• [HOW TO COMPLETE THIS TASK] Your answer must be an exact transcription of the data, with every picture omitted.

• [EXTRACTED ENTRIES]
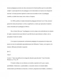 Lo que caracteriza a los padres de la pedagogía mexicana es que junto con las doctrinas y técnicas pedagógicas poseían una clara conciencia de la función política que la escuela debía cumplir. La preocupación de estos pedagogos era la relacionada con el proceso de integración nacional. La lectura presenta explicita la controversia suscitada en torno a la pedagogía científica, en donde intervienen varios críticos al respecto.
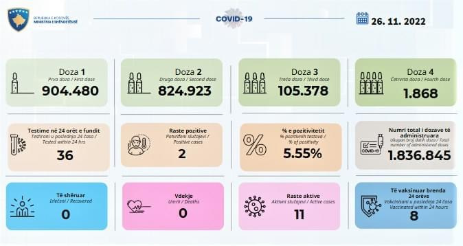 Aktualisht në vendin tonë janë 11 raste aktive me virusin Covid19.
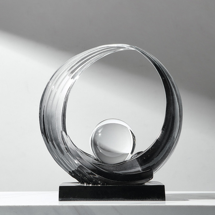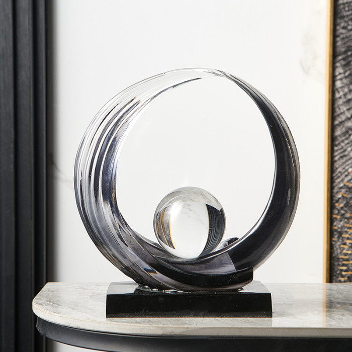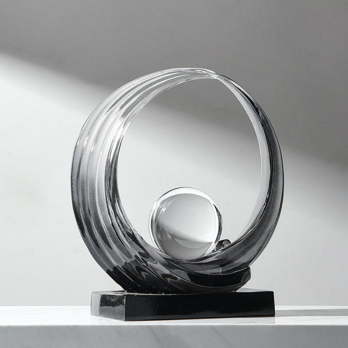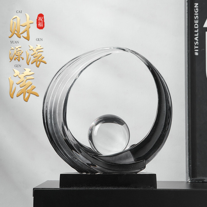 透明樹脂財源滾滾擺件-菸灰色
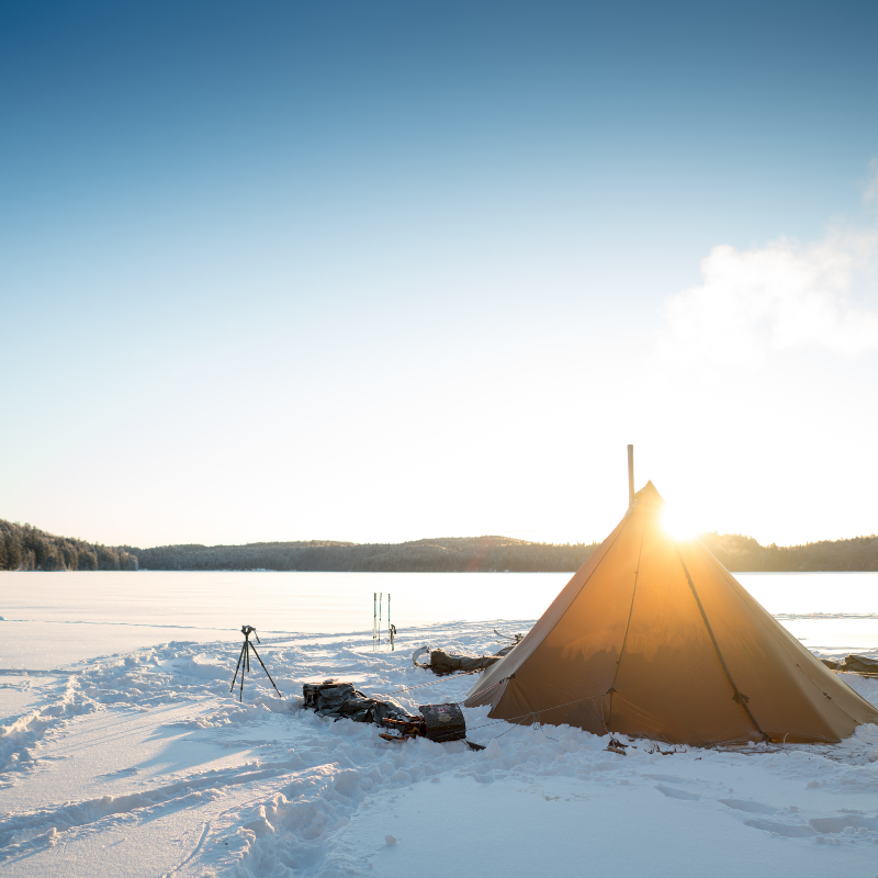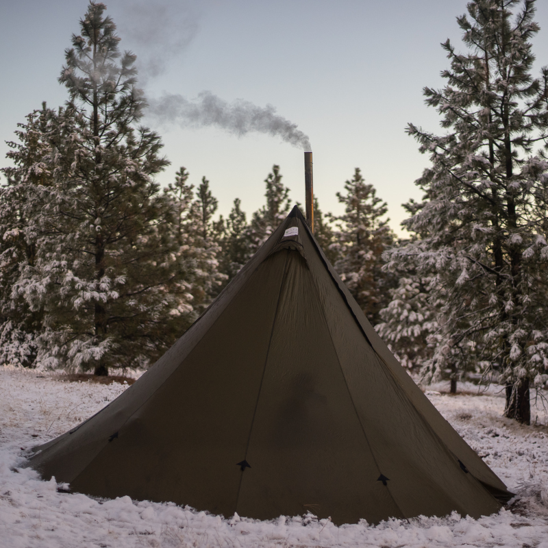 The Six Person hot tent bundle allows you to ride out storms in style. Stoves allow you to take the chill off, cook, manage condensation, and dry soggy gear. The included half liner effectively turns half the tipi into a double wall tent, eliminating condensation drips. This combination is our choice for a lightweight & comfortable backcountry camp for up to three people. The 6 Person Teepee hot tent is an excellent alternative to a canvas tent with stove vent, or a canvas tent with stove jack.
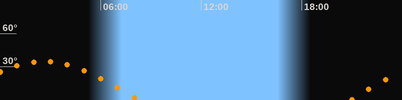 Höchster Stand (Kulmination)02:36 Uhr (h = 34,7°)
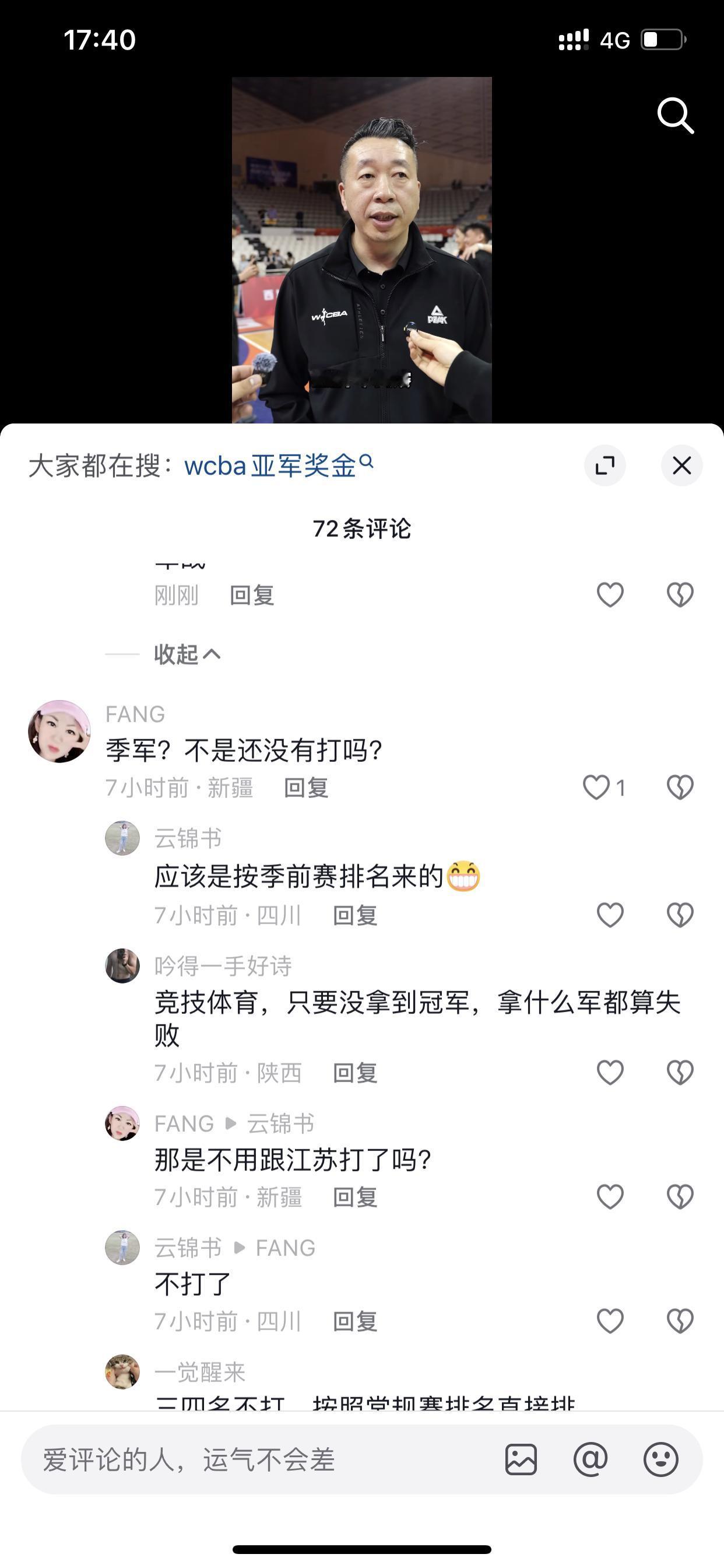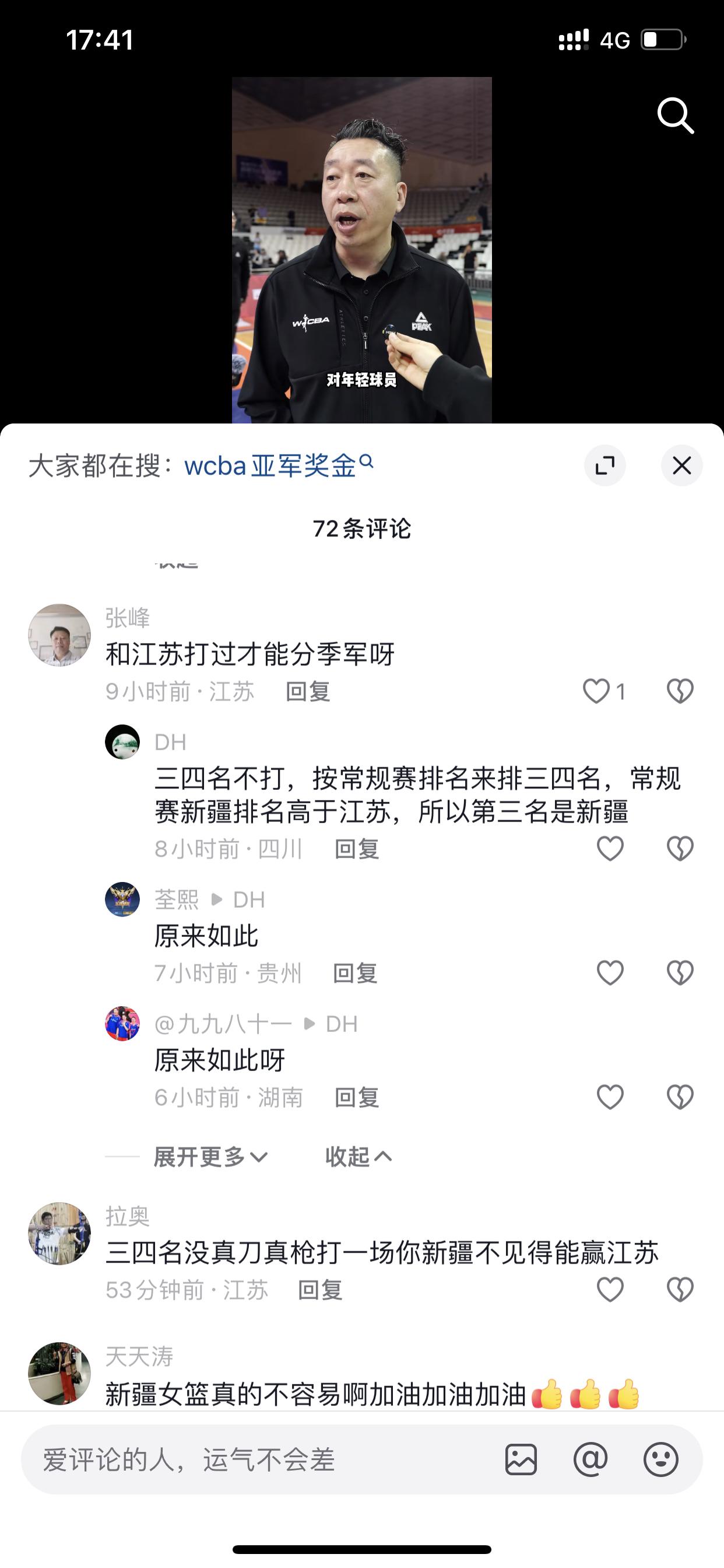 WCBA有史以来就没有什么季军战! 我这样说,是因为从昨天到今天,我这两天在今日头条、抖音等平台的评论区,看到很多人在评论说 “新疆女篮还没有跟江苏女篮进行季军战,怎么就确定新疆女篮成为2025-2026赛季第三名了呢?”(请看下面截图内容) 我真是纳闷,这些人是怎么关注的篮球联赛 先不说国外,单说咱们国内,在中国篮球职业联赛历史中,不分男女,从未有过什么季后赛阶段季军战的赛制设定 所以搞不懂这些人为什么会问出这个问题 而且好多人义愤填膺的在那提出疑问😂

• [PROBLEM SOLUTION]
 Lo que caracteriza a los padres de la pedagogía mexicana es que junto con las doctrinas y técnicas pedagógicas poseían una clara conciencia de la función política que la escuela debía cumplir. La preocupación de estos pedagogos era la relacionada con el proceso de integración nacional. La lectura presenta explicita la controversia suscitada en torno a la pedagogía científica, en donde intervienen varios críticos al respecto.
 Aktualisht në vendin tonë janë 11 raste aktive me virusin Covid19.
 透明樹脂財源滾滾擺件-菸灰色
 The Six Person hot tent bundle allows you to ride out storms in style. Stoves allow you to take the chill off, cook, manage condensation, and dry soggy gear. The included half liner effectively turns half the tipi into a double wall tent, eliminating condensation drips. This combination is our choice for a lightweight & comfortable backcountry camp for up to three people. The 6 Person Teepee hot tent is an excellent alternative to a canvas tent with stove vent, or a canvas tent with stove jack.
 Höchster Stand (Kulmination)02:36 Uhr (h = 34,7°)
 WCBA有史以来就没有什么季军战! 我这样说,是因为从昨天到今天,我这两天在今日头条、抖音等平台的评论区,看到很多人在评论说 “新疆女篮还没有跟江苏女篮进行季军战,怎么就确定新疆女篮成为2025-2026赛季第三名了呢?”(请看下面截图内容) 我真是纳闷,这些人是怎么关注的篮球联赛 先不说国外,单说咱们国内,在中国篮球职业联赛历史中,不分男女,从未有过什么季后赛阶段季军战的赛制设定 所以搞不懂这些人为什么会问出这个问题 而且好多人义愤填膺的在那提出疑问😂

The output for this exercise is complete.